YOUR INSTRUCTIONS =
Starting at the first line of the data and ending at the line with "Du 11 mars à", copy each line exactly. Include both of those lines, but no pictures.

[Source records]
· · ·

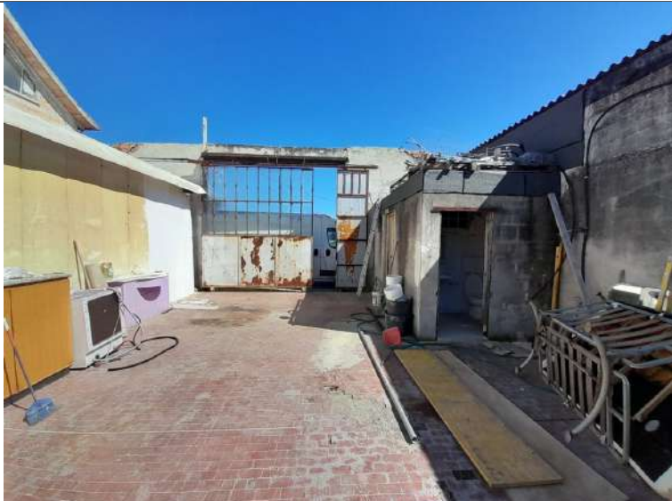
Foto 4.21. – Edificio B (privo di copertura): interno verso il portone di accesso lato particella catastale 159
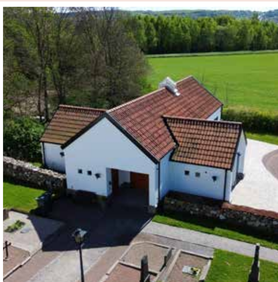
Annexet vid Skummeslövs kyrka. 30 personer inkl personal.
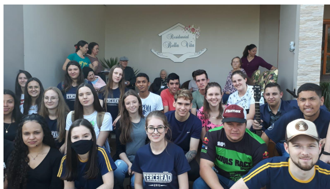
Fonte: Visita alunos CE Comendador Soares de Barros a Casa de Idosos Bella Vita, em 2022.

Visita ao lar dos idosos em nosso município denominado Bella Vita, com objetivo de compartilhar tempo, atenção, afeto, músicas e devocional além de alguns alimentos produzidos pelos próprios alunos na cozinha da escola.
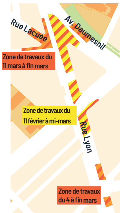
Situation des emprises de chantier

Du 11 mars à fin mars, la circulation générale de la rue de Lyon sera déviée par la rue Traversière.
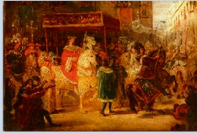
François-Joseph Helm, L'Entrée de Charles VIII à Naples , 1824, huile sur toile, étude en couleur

· · ·

RESPONSE TO THE TASK =
Foto 4.21. – Edificio B (privo di copertura): interno verso il portone di accesso lato particella catastale 159
Annexet vid Skummeslövs kyrka. 30 personer inkl personal.
Fonte: Visita alunos CE Comendador Soares de Barros a Casa de Idosos Bella Vita, em 2022.

Visita ao lar dos idosos em nosso município denominado Bella Vita, com objetivo de compartilhar tempo, atenção, afeto, músicas e devocional além de alguns alimentos produzidos pelos próprios alunos na cozinha da escola.
Situation des emprises de chantier

Du 11 mars à fin mars, la circulation générale de la rue de Lyon sera déviée par la rue Traversière.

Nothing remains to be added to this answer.